- The cover of the PC version
- Developers: Coktel Vision Tomahawk
- Publisher: Coktel Vision
- Director: Muriel Tramis ;
- Designer: Muriel Tramis
- Composer: François Peirano
- Platforms: Amiga, Atari ST, MS-DOS
- Release: 1989
- Genre: Adventure
- Mode: Single-player

= Emmanuelle (video game) =

1989 video game

Emmanuelle is an erotic graphical adventure game from Coktel Vision, originally released in 1989 for Amiga, Atari ST, and MS-DOS. The game was developed by Muriel Tramis (better known from her games in the Gobliiins series, Fascination & Lost in Time), and is loosely inspired by Emmanuelle Arsan's Emmanuelle series of novels.

==Story==
The character Emmanuelle in the game is the wife of a French businessman whose job requires constant travelling, thus leaving Emmanuelle unfulfilled. Emmanuelle has taken a lover, Marc, but later suffers pangs of conscience, because she still loves her husband. Emmanuelle travels to Rio de Janeiro in Brazil to escape him, but is followed by Marc. The aim of the game is to augment Marc's erotic potential so he can seduce Emmanuelle again.

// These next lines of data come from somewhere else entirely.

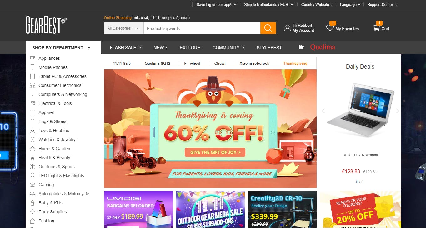 Goedkope gadgets en kabels schaffen we graag via de Chinese webshops aan. Vaak zijn de producten immers aanzienlijk goedkoper dan bij de gebruikelijke elektronicazaak. AliExpress is een mooi voorbeeld, maar zij bieden met name een breed assortiment. Wie vooral geïnteresseerd is in elektronische gadgets kan voor voordelige koopjes ook terecht bij GearBest. GearBest richt zich voornamelijk op gadgets als drones, slimme verlichting, smartphones, 3D-printers en dergelijke. Betalen gaat gemakkelijk via PayPal, maar google voordat je tot aankoop overgaat nog even naar een kortingscode; deze zijn voor GearBest vrijwel altijd te vinden en kunnen oplopen tot wel een halvering van de prijs.
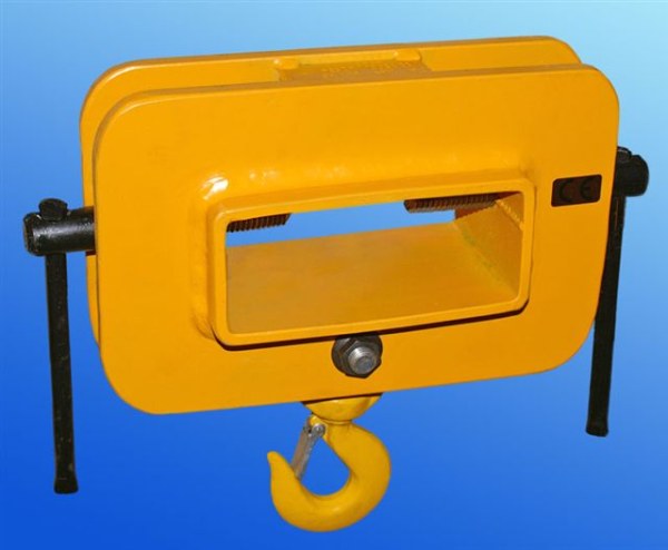 Uchwyt widłowy wyposażony jest w hak obrotowy, co umożliwia mu podnoszenie różnych ciężarów, stanowi on wyposażenie wózków widłowych.
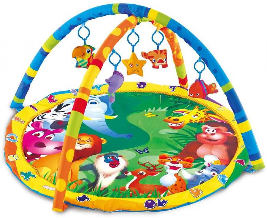 Детский коврик, оснащенный бортиками и дугой. В комплекте имеется 3 подвесные игрушки. Яркие картинки на текстиле понравятся детям как с первых месяцев жизни, так и постарше

The player's "erotic potential" is increased by following the three laws of eroticism: law of numbers (seduce as many ladies as you can), law of asymmetry (try to seduce an odd number of ladies) and a law of surprise (seduce preferably concealed/masked ladies). Furthermore, the player should find three erotic statuettes. The game involves no hardcore scenes, though the Marc persona might catch Emmanuelle disrobing by looking through a certain keyhole. More often, however, Marc sees only an old gentleman who is engaged in washing his feet.

==Gameplay==
The DOS version supports EGA, CGA and monochrome graphics, while the Amiga and Atari ST versions uses 16 colours. Emmanuelle is a point-and-click adventure, but the DOS version has no mouse support. The game uses multiple-choice dialogues for conversations. The game includes sub-games such as gambling at a casino where the player has to raise money for flight tickets. The player might also end up fighting with angry husbands and smugglers due to their exploits.

==Reception==
The reviewer of ST-Computer praised the game's graphics, but criticized the lack of sounds and the ease of the puzzles. The PC Power Play review said that the game was boring and only titillating in the casino sequences; it also criticized the poor graphics and the lack of sound. A later issue PC Power Play gave Emmanuelle an "award", as the game with the most idiotic dialogue.